- AIM OF THE TASK -
Copy every entry in the listing below exactly, but not the pictures.

- DATA -
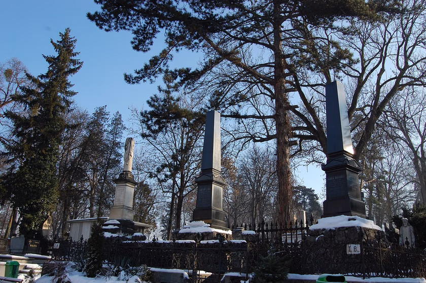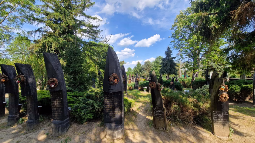 katonás rendben állnak az obeliszkek, német nyelvű, sokszor gót betűs feliratokkal, a régi elődökre emlékezve.
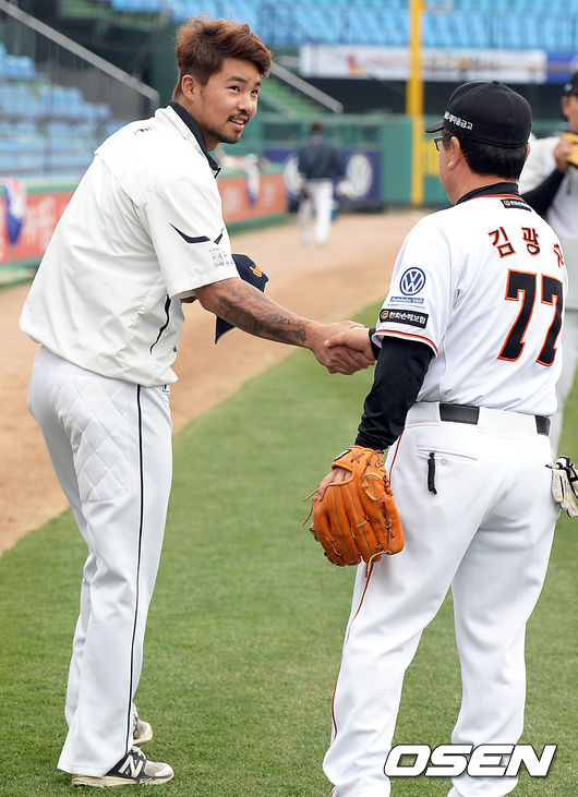 2일 오후 대전 한화생명이글스파크에서 열린 '2015 타이어뱅크 KBO 리그' 한화 이글스와 두산 베어스의 경기,경기시작전 두산 오재원이 한화 김광수 코치와 인사를 나누고 있다.
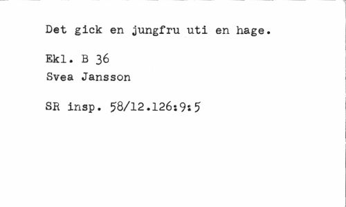 //// Det gick en jungfru uti en hage. //// Ekl. B 36 Svea Jansson //// SR insp. 58/12.126:91? ////
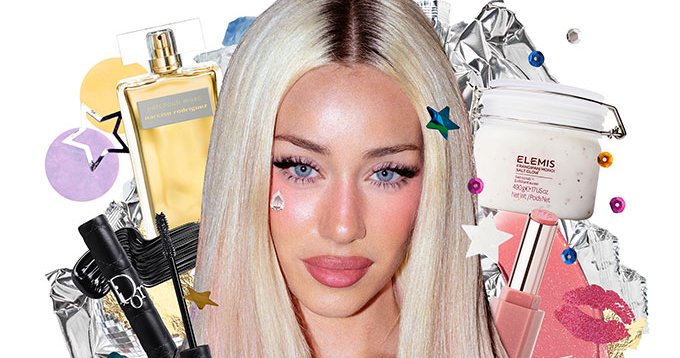 Sophia's go-to make-up trick is a universal crowd-pleaser: a cat-eye lash paired with clear gloss eyelids and sun-kissed blush. "Everyone looks good with a cat eye lash, clear gloss on the eyelids, high blush placement and blush on the nose bridge for that sunburnt look," she shares. Her signature scent? Anything from Narciso Rodriguez, with Patchouli Musc topping her list of obsessions. For skincare, she swears by La Mer’s Moisturising Soft Cream and Chanel’s Hydra Beauty Nutrition, ensuring a flawless canvas for her artful creations.
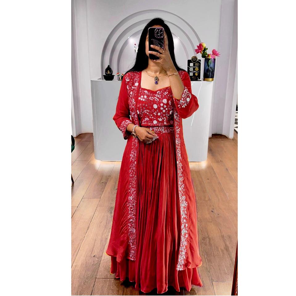 Faux Georgette Indowestern Lehenga Set Fully Stitched Shrug Lehenga Set for Wedding and Party Wear for Worldwide Export Sale
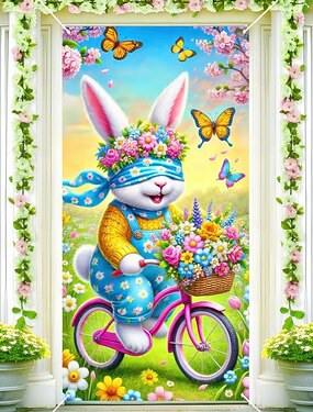 Наклейка на дверь с пасхальным кроликом: весёлый кролик с завязанными глазами и цветочным венком, едущий на велосипеде, бабочки и весенний декор, идеально подходит для украшения дверей и улицы к

- EXERCISE OUTPUT -
 katonás rendben állnak az obeliszkek, német nyelvű, sokszor gót betűs feliratokkal, a régi elődökre emlékezve.
 2일 오후 대전 한화생명이글스파크에서 열린 '2015 타이어뱅크 KBO 리그' 한화 이글스와 두산 베어스의 경기,경기시작전 두산 오재원이 한화 김광수 코치와 인사를 나누고 있다.
 //// Det gick en jungfru uti en hage. //// Ekl. B 36 Svea Jansson //// SR insp. 58/12.126:91? ////
 Sophia's go-to make-up trick is a universal crowd-pleaser: a cat-eye lash paired with clear gloss eyelids and sun-kissed blush. "Everyone looks good with a cat eye lash, clear gloss on the eyelids, high blush placement and blush on the nose bridge for that sunburnt look," she shares. Her signature scent? Anything from Narciso Rodriguez, with Patchouli Musc topping her list of obsessions. For skincare, she swears by La Mer’s Moisturising Soft Cream and Chanel’s Hydra Beauty Nutrition, ensuring a flawless canvas for her artful creations.
 Faux Georgette Indowestern Lehenga Set Fully Stitched Shrug Lehenga Set for Wedding and Party Wear for Worldwide Export Sale
 Наклейка на дверь с пасхальным кроликом: весёлый кролик с завязанными глазами и цветочным венком, едущий на велосипеде, бабочки и весенний декор, идеально подходит для украшения дверей и улицы к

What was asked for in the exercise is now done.